A set of probabilistic forecasts is calibrated if each prediction of the forecaster closely approximates the empirical distribution of outcomes on the subset of timesteps where that prediction was made. We study the fundamental problem of online calibrated forecasting of binary sequences, which was initially studied by Foster & Vohra (1998). They derived an algorithm with $O(T^{2/3})$ calibration error after $T$ time steps, and showed a lower bound of $\Omega(T^{1/2})$. These bounds remained stagnant for two decades, until Qiao & Valiant (2021) improved the lower bound to $\Omega(T^{0.528})$ by introducing a combinatorial game called sign preservation and showing that lower bounds for this game imply lower bounds for calibration. In this paper, we give the first improvement to the $O(T^{2/3})$ upper bound on calibration error of Foster & Vohra. We do this by introducing a variant of Qiao & Valiant's game that we call sign preservation with reuse (SPR). We prove that the relationship between SPR and calibrated forecasting is bidirectional: not only do lower bounds for SPR translate into lower bounds for calibration, but algorithms for SPR also translate into new algorithms for calibrated forecasting. We then give an improved \emph{upper bound} for the SPR game, which implies, via our equivalence, a forecasting algorithm with calibration error $O(T^{2/3 - \varepsilon})$ for some $\varepsilon > 0$, improving Foster & Vohra's upper bound for the first time. Using similar ideas, we then prove a slightly stronger lower bound than that of Qiao & Valiant, namely $\Omega(T^{0.54389})$. Our lower bound is obtained by an oblivious adversary, marking the first $\omega(T^{1/2})$ calibration lower bound for oblivious adversaries.

相關內容

Error-bounded lossy compression is a critical technique for significantly reducing scientific data volumes. Compared to CPU-based compressors, GPU-based compressors exhibit substantially higher throughputs, fitting better for today's HPC applications. However, the critical limitations of existing GPU-based compressors are their low compression ratios and qualities, severely restricting their applicability. To overcome these, we introduce a new GPU-based error-bounded scientific lossy compressor named cuSZ-$i$, with the following contributions: (1) A novel GPU-optimized interpolation-based prediction method significantly improves the compression ratio and decompression data quality. (2) The Huffman encoding module in cuSZ-$i$ is optimized for better efficiency. (3) cuSZ-$i$ is the first to integrate the NVIDIA Bitcomp-lossless as an additional compression-ratio-enhancing module. Evaluations show that cuSZ-$i$ significantly outperforms other latest GPU-based lossy compressors in compression ratio under the same error bound (hence, the desired quality), showcasing a 476% advantage over the second-best. This leads to cuSZ-$i$'s optimized performance in several real-world use cases.
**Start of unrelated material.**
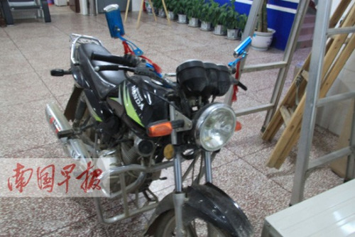 一系列飞车抢夺首饰案件,引起市民的关注。该市城警支队组成专案组,调阅了大量的监控录像,最后锁定这3名男子为嫌疑人。其中,一名男子经常穿着灰色长袖T恤和牛仔裤,骑着一辆黑色的无牌号摩托车作案,最明显的特征是这辆摩托车的后视镜框为蓝色。

The stable and fair division of profits/costs is a central concern in economics. The core, which ensures stability, has long been the gold standard for profit/cost sharing in cooperative games. Shapley and Shubik([SS71])'s classic work on the assignment game revealed that core imputations can be disproportionately favoring certain agents. Recent work ([Vaz24]) gave leximin and leximax core imputations for this game, achieving better fairness properties. We explore these fairness notions for the cores of three cooperative games: the max-flow game, the minimum spanning tree (MST) game, and the bipartite $b$-matching game. For all three games we give examples to show that an arbitrary core imputation can be excessively unfair to certain agents. Leximin and leximax core imputations are natural extensions of the widely used max-min and min-max fairness notions. We show that finding such imputations in the core is NP-hard for the max-flow and MST games, and likely so for $b$-matching as well. To address this, we introduce the concept of Dual-Consistent Core (DCC) imputations, which are characterized by solutions to the dual linear programs. We give polynomial time algorithms for computing leximin and leximax DCC imputations for all three games. These games have numerous applications and these imputations will provide a more fair way of distributing profit among agents for them.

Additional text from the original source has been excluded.